> _Brief_
When you reach the line with "Dragon Clan Sensei." in the data below, begin printing lines exactly, and stop once the line with "加茂水族館からバスで走ること" has been printed.

Data extracted from a collection
—————
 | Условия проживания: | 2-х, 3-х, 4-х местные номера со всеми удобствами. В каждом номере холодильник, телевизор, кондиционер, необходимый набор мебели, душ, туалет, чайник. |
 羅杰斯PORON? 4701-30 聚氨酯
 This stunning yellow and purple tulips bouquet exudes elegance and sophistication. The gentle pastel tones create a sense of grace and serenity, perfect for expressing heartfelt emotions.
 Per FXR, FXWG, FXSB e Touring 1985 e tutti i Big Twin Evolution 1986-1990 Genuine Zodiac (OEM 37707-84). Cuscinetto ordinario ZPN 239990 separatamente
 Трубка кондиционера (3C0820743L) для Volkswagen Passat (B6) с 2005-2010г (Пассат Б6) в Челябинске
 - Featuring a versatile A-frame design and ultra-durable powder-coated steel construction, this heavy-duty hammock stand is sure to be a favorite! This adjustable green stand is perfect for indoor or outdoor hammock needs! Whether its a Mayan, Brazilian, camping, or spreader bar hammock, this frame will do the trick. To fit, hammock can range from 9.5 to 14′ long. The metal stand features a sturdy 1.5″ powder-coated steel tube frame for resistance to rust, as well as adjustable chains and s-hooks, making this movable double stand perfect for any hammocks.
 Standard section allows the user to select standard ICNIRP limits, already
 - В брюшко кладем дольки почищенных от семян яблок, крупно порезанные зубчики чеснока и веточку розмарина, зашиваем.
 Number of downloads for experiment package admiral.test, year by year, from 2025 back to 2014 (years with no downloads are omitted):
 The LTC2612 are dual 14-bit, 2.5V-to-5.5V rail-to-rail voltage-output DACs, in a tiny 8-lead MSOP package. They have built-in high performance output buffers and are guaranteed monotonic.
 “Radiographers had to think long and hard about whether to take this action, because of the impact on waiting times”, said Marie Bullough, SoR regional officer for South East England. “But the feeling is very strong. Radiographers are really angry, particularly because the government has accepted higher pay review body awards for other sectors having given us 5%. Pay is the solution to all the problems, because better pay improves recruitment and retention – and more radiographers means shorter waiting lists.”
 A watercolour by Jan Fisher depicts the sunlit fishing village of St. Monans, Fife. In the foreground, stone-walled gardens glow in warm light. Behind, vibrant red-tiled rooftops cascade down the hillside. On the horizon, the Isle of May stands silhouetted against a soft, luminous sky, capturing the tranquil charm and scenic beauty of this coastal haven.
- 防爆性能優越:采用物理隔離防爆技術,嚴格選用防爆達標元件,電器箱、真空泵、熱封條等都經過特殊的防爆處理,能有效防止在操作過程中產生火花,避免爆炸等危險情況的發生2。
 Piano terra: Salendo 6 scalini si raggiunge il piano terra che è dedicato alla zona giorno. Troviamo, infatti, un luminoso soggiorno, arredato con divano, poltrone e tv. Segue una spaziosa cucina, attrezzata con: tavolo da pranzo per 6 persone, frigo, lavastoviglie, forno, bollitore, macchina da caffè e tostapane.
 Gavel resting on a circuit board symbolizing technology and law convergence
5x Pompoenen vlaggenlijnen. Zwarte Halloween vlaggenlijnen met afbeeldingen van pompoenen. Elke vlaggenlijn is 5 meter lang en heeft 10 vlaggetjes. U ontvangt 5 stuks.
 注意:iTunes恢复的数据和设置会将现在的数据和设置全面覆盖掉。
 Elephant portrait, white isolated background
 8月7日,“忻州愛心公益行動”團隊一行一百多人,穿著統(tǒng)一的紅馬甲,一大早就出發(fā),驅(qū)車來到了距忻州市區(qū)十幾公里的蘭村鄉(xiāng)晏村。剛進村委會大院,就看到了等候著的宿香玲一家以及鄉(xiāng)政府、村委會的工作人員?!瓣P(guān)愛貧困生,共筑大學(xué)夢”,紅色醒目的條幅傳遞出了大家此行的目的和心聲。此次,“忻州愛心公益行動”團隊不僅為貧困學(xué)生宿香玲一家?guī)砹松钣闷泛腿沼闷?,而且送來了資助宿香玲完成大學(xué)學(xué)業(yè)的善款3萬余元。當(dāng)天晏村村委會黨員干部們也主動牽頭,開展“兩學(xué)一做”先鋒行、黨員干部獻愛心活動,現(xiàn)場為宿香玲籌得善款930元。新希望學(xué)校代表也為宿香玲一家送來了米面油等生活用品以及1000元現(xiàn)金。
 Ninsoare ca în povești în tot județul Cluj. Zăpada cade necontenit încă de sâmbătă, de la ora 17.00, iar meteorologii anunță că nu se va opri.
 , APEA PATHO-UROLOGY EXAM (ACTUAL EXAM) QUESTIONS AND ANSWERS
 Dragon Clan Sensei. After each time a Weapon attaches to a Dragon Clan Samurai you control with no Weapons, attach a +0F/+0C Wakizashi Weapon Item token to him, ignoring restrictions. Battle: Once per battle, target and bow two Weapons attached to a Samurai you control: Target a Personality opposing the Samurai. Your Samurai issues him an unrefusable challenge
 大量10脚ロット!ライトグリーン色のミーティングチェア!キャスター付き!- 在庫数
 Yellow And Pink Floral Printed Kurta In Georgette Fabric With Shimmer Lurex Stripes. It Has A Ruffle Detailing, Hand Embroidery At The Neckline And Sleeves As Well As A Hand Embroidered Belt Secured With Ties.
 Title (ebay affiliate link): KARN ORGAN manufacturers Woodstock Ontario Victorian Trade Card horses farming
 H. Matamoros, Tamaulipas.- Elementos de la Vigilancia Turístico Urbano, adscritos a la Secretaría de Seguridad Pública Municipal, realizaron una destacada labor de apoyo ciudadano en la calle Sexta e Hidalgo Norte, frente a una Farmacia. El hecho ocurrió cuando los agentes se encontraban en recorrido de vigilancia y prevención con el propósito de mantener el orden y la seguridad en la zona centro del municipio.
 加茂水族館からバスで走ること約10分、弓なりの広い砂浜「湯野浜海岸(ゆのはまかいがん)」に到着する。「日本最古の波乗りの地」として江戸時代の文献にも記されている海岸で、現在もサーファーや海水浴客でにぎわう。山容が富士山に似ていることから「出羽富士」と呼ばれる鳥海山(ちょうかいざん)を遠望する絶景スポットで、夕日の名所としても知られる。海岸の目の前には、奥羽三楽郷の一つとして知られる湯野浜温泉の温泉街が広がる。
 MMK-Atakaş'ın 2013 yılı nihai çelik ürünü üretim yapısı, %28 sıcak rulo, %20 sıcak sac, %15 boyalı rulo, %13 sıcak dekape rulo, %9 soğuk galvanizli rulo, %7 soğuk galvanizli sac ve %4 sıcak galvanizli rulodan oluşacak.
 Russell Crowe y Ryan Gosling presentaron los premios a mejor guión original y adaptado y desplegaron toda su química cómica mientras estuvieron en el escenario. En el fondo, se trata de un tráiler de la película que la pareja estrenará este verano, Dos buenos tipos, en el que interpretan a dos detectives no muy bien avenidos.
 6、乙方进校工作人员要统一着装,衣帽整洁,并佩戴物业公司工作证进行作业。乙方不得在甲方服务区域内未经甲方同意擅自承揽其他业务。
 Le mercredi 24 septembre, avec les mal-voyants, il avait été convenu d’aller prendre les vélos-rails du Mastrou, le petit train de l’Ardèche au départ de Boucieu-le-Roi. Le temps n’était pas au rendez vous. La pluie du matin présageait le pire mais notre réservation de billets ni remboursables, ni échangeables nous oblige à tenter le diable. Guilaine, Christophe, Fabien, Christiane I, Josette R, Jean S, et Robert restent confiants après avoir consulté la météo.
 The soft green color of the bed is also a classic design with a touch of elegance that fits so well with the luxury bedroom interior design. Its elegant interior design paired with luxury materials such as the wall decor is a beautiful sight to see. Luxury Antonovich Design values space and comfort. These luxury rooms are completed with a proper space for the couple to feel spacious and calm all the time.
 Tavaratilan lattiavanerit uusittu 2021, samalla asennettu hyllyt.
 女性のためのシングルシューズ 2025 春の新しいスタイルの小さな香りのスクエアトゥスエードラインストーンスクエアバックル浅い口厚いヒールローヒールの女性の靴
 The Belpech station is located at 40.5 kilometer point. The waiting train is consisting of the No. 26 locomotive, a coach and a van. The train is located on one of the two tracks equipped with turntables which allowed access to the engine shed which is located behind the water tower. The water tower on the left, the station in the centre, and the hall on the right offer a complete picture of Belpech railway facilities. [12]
—————
> _Result for this task_
 Dragon Clan Sensei. After each time a Weapon attaches to a Dragon Clan Samurai you control with no Weapons, attach a +0F/+0C Wakizashi Weapon Item token to him, ignoring restrictions. Battle: Once per battle, target and bow two Weapons attached to a Samurai you control: Target a Personality opposing the Samurai. Your Samurai issues him an unrefusable challenge
 大量10脚ロット!ライトグリーン色のミーティングチェア!キャスター付き!- 在庫数
 Yellow And Pink Floral Printed Kurta In Georgette Fabric With Shimmer Lurex Stripes. It Has A Ruffle Detailing, Hand Embroidery At The Neckline And Sleeves As Well As A Hand Embroidered Belt Secured With Ties.
 Title (ebay affiliate link): KARN ORGAN manufacturers Woodstock Ontario Victorian Trade Card horses farming
 H. Matamoros, Tamaulipas.- Elementos de la Vigilancia Turístico Urbano, adscritos a la Secretaría de Seguridad Pública Municipal, realizaron una destacada labor de apoyo ciudadano en la calle Sexta e Hidalgo Norte, frente a una Farmacia. El hecho ocurrió cuando los agentes se encontraban en recorrido de vigilancia y prevención con el propósito de mantener el orden y la seguridad en la zona centro del municipio.
 加茂水族館からバスで走ること約10分、弓なりの広い砂浜「湯野浜海岸(ゆのはまかいがん)」に到着する。「日本最古の波乗りの地」として江戸時代の文献にも記されている海岸で、現在もサーファーや海水浴客でにぎわう。山容が富士山に似ていることから「出羽富士」と呼ばれる鳥海山(ちょうかいざん)を遠望する絶景スポットで、夕日の名所としても知られる。海岸の目の前には、奥羽三楽郷の一つとして知られる湯野浜温泉の温泉街が広がる。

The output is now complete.